Watching the system as vacuum is running, I can see that we are encountering
the kswapd/kscand problem in the 2.4.20 kernel. This could very well
account for the non-linear increase in vacuum time.

This problem is fixed in the 2.6 kernel, but we can't upgrade because DELL
is dragging their feet in releasing hardware monitoring compatible with 2.6
kernel. So, we're going to try a 2.4.29 kernel and hope that the problem is
fixed there.
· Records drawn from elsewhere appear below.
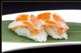
175. NIGIRI AMAEBI gamberi* crudi e riso € 3,50
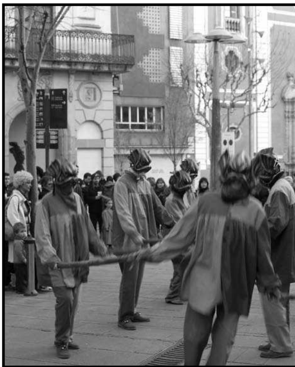
Ball dels Portafardells en l'acte de Derressaca.

Són homes i dones d'edats compreses entre els 18 i els 50 anys; hi ha estudiants, treballadors de
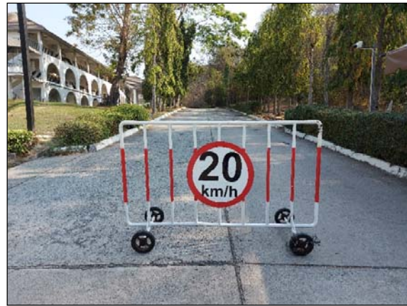
รูปที่ 1.4(1) มีการติดป้ายจำกัดความเร็ว
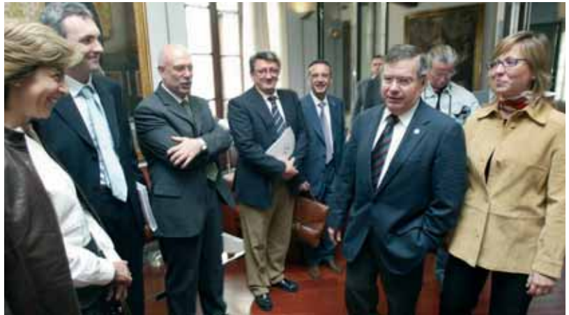
El rector, la consellera i altres organitzadors del congrés, el dia de la presentació.

congrés, tant oral com escrit, reste en la seua conclusió a l'abast de la societat. Per a la qual cosa s'acudirà a diverses vies de comunicació que estenguen el material a l'opinió pública. La quota d'inscripció general i única és de 75 euros, que inclou taxes, assistència a totes les sessions del congrés, documentació i certificació d'assistència.
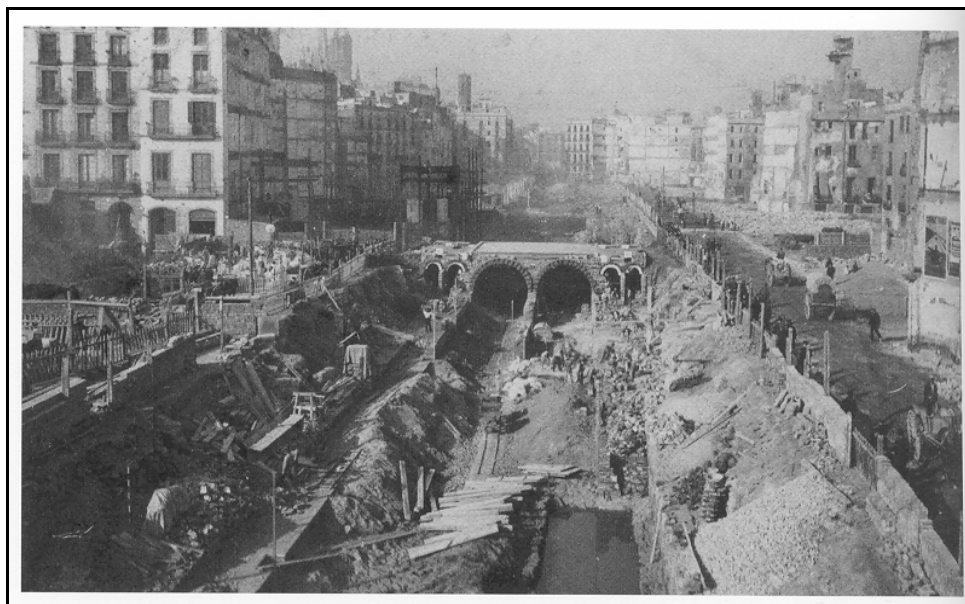
Túnels del futur metro, Via Laietana.

Però els canvis més importants del barri són a causa de les darreres grans reformes urbanístiques de la ciutat: la creació del carrer Princesa i l'enderroc de la muralla a mitjans del segle XIX, i entre 1908 i 1958 la Reforma, és a dir, la construcció de la Via Laietana. L'obertura física de la Via Laietana va afectar uns tres-cents edificis i unes dues mil famílies.

With any luck, by Friday I'll know if the kswapd problem is
fixed in 2.4.29 and if that solves the excessive vacuum times.

Wes

#10Tom Lane
tgl@sss.pgh.pa.us
In reply to: Wes (#9)
Re: Vacuum time degrading

Wes <wespvp@syntegra.com> writes:

Watching the system as vacuum is running, I can see that we are encountering
the kswapd/kscand problem in the 2.4.20 kernel. This could very well
account for the non-linear increase in vacuum time.
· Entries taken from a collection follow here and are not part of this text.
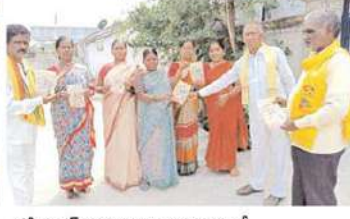
కరీంనగర్ అసెంబ్లీ నియోజకవర్గంలో
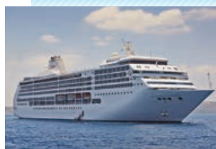
セブンシーズ マリナー
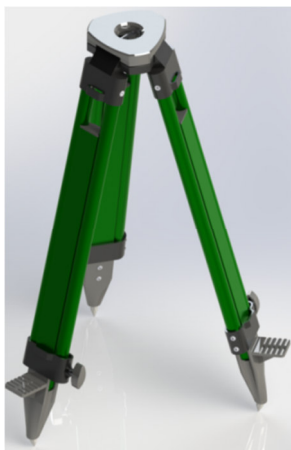
а) штатив в рабочем положении без кронштейна

Общий вид штатива приведен на рисунке 1.
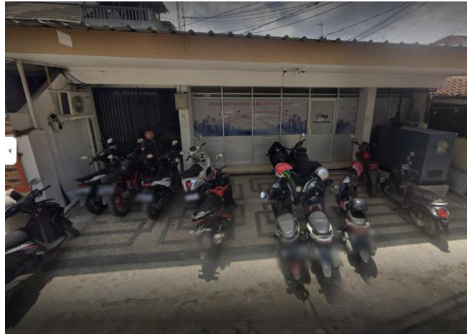
Gambar 2. Kantor Operasional
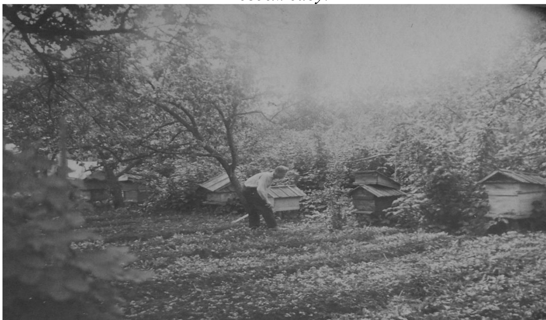
Разведение пчёл – любимое занятие прапрадедушки.
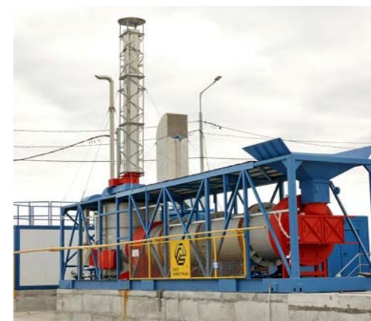
Инсинератор или попросту печь. В ней будут сжигать твёрдые коммунальные отходы и нефтешламы. Производительность этого агрегата - 2 тысячи тонн в год

Тазовский полигон ТБО - это современный комплекс со специализированным оборудованием на 90 процентов отечественного производства. Здесь будут принимать и обеззараживать отходы. Главный помощник человека - специализированное оборудование. Прежде всего, инсинератор - печь для сжигания отходов. Большую часть мусора будут сжигать именно в ней при темпе-
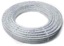
00TMP Многослойная труба Multilayer pipe
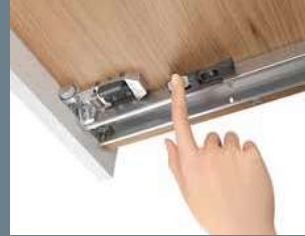
前後調整 *オプション +/-2mm
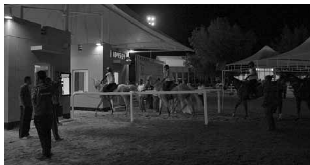
Yölliset matkajat lähdössä seuraavalle etapille.
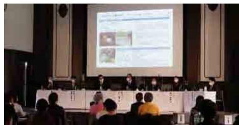
(パネルディスカッションの様様)
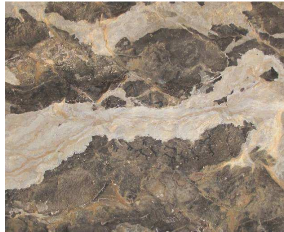
Figura 1. Detalle del panel x-3 decorado con motivos esquemáticos. Fase de documentación fotográfica.
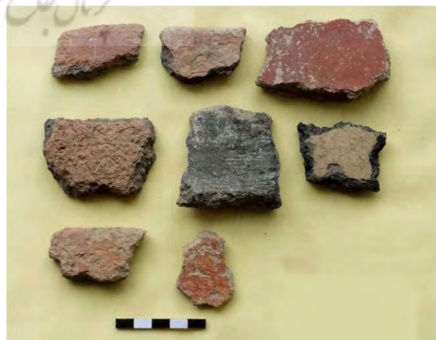
تصویر ۴: نمونه‌ای از سفال‌های ساده دالما.
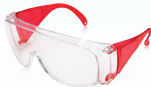
rot/ red REF 11782

Hmm. Looking at the vacuum verbose output you sent me, it's clear that
the bulk of the time is going into scanning a couple of the larger
indexes. On an index that's been growing for awhile, this involves a
highly nonsequential access pattern (it wants to visit the index leaf
pages in sort order, which will not look much like physical order after
a lot of page splits have occurred). I don't know whether that would
tend to set off the kswapd/kscand problems, but just in terms of
physical I/O time it might be annoying. I was going to suggest
REINDEXing those indexes to see if that cuts the vacuum time at all.

regards, tom lane

#11Wes Palmer
Wesley.R.Palmer@syntegra.com
In reply to: Tom Lane (#10)
Re: Vacuum time degrading

On 3/2/05 3:51 PM, "Tom Lane" <tgl@sss.pgh.pa.us> wrote:

I was going to suggest
REINDEXing those indexes to see if that cuts the vacuum time at all.

The problem with that is it takes a very long time. I've got a couple of
things to try yet on the kswapd problem. If that doesn't work, maybe I can
rebuild one of the indexes and see how much that one improves. I wasn't
aware that the indexes were scanned non-sequentially. The under one hour
time was probably shortly after a full reload. Any chance of change that
behavior to scan in physical storage order?

The index from the largest table that has:

CPU 216.15s/18.13u sec elapsed 2110.84 sec.

is inserted in sequential order. The index

CPU 518.88s/25.17u sec elapsed 10825.33 sec.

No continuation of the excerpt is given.